**WHAT YOU NEED TO DO:** Here the job is to retype the data word for word while leaving the pictures aside.
# # #
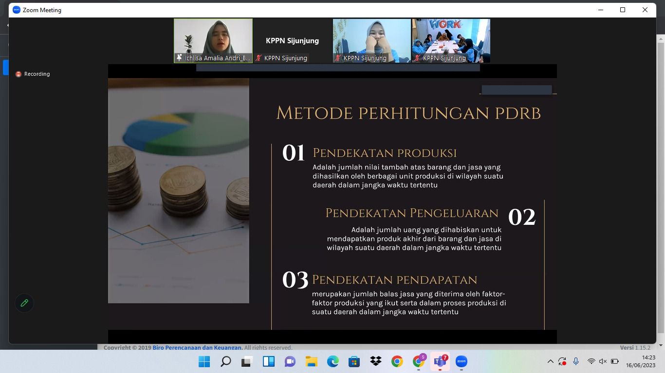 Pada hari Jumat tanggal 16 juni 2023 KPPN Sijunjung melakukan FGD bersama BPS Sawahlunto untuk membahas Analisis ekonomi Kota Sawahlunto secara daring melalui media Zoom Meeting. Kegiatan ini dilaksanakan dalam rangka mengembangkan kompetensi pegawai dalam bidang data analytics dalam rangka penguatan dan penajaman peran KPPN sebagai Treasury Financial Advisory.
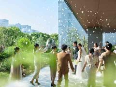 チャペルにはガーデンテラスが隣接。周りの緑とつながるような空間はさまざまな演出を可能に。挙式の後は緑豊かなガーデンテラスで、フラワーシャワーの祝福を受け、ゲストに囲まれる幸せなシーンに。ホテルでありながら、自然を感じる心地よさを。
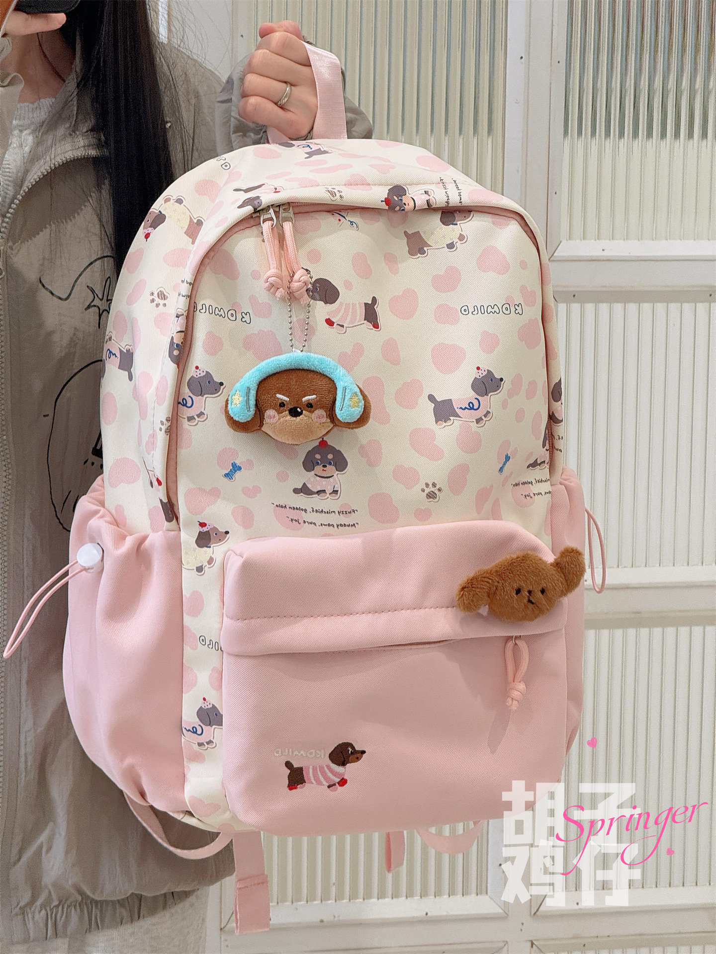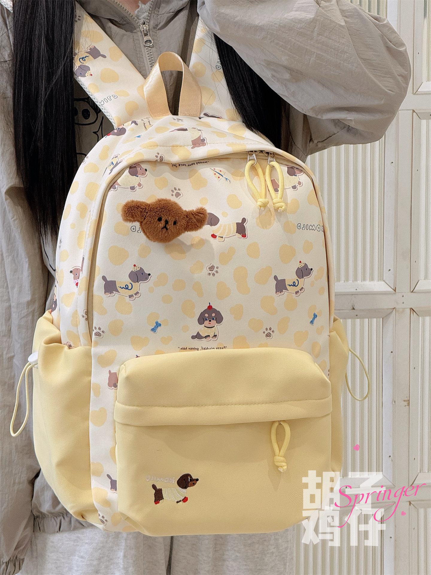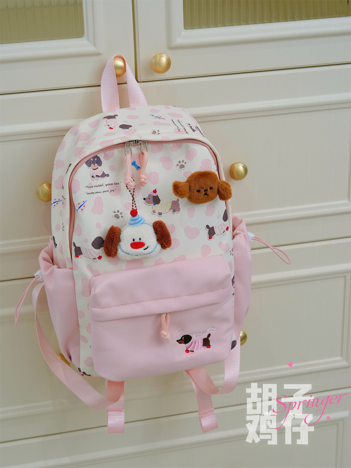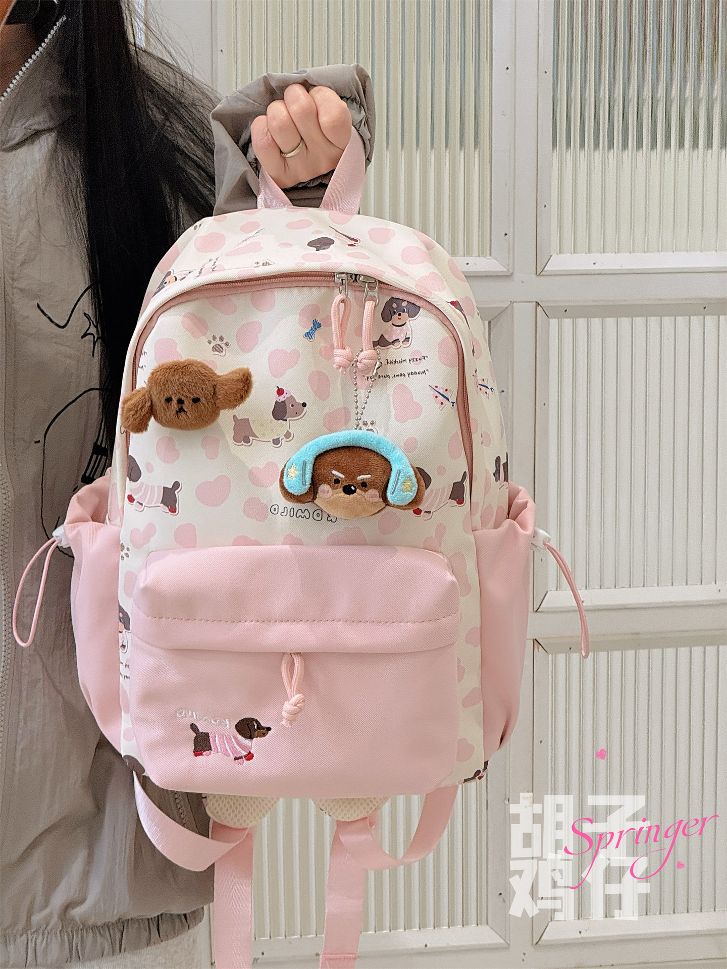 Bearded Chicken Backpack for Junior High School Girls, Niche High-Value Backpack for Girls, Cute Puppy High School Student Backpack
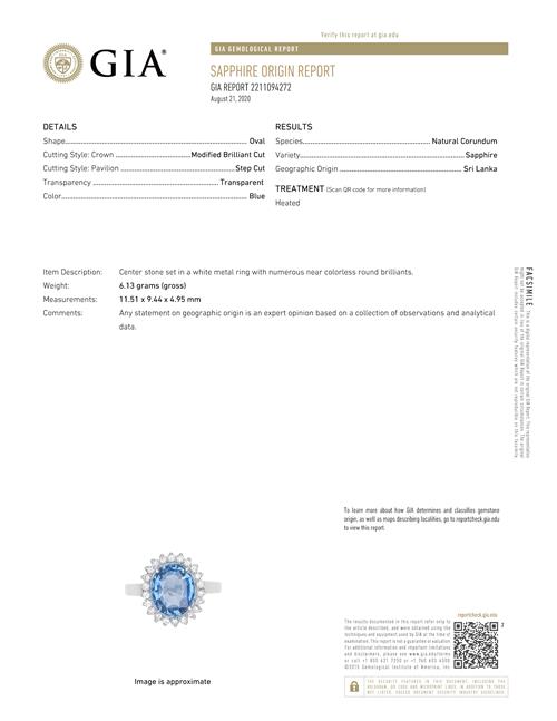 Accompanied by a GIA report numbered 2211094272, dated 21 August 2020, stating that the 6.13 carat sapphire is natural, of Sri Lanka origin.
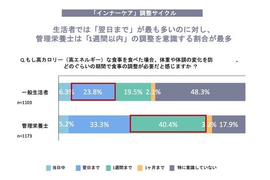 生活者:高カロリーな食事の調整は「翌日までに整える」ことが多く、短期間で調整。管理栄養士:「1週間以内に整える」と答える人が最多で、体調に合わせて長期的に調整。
# # #
**THE COMPLETED TASK:**
 Pada hari Jumat tanggal 16 juni 2023 KPPN Sijunjung melakukan FGD bersama BPS Sawahlunto untuk membahas Analisis ekonomi Kota Sawahlunto secara daring melalui media Zoom Meeting. Kegiatan ini dilaksanakan dalam rangka mengembangkan kompetensi pegawai dalam bidang data analytics dalam rangka penguatan dan penajaman peran KPPN sebagai Treasury Financial Advisory.
 チャペルにはガーデンテラスが隣接。周りの緑とつながるような空間はさまざまな演出を可能に。挙式の後は緑豊かなガーデンテラスで、フラワーシャワーの祝福を受け、ゲストに囲まれる幸せなシーンに。ホテルでありながら、自然を感じる心地よさを。
 Bearded Chicken Backpack for Junior High School Girls, Niche High-Value Backpack for Girls, Cute Puppy High School Student Backpack
 Accompanied by a GIA report numbered 2211094272, dated 21 August 2020, stating that the 6.13 carat sapphire is natural, of Sri Lanka origin.
 生活者:高カロリーな食事の調整は「翌日までに整える」ことが多く、短期間で調整。管理栄養士:「1週間以内に整える」と答える人が最多で、体調に合わせて長期的に調整。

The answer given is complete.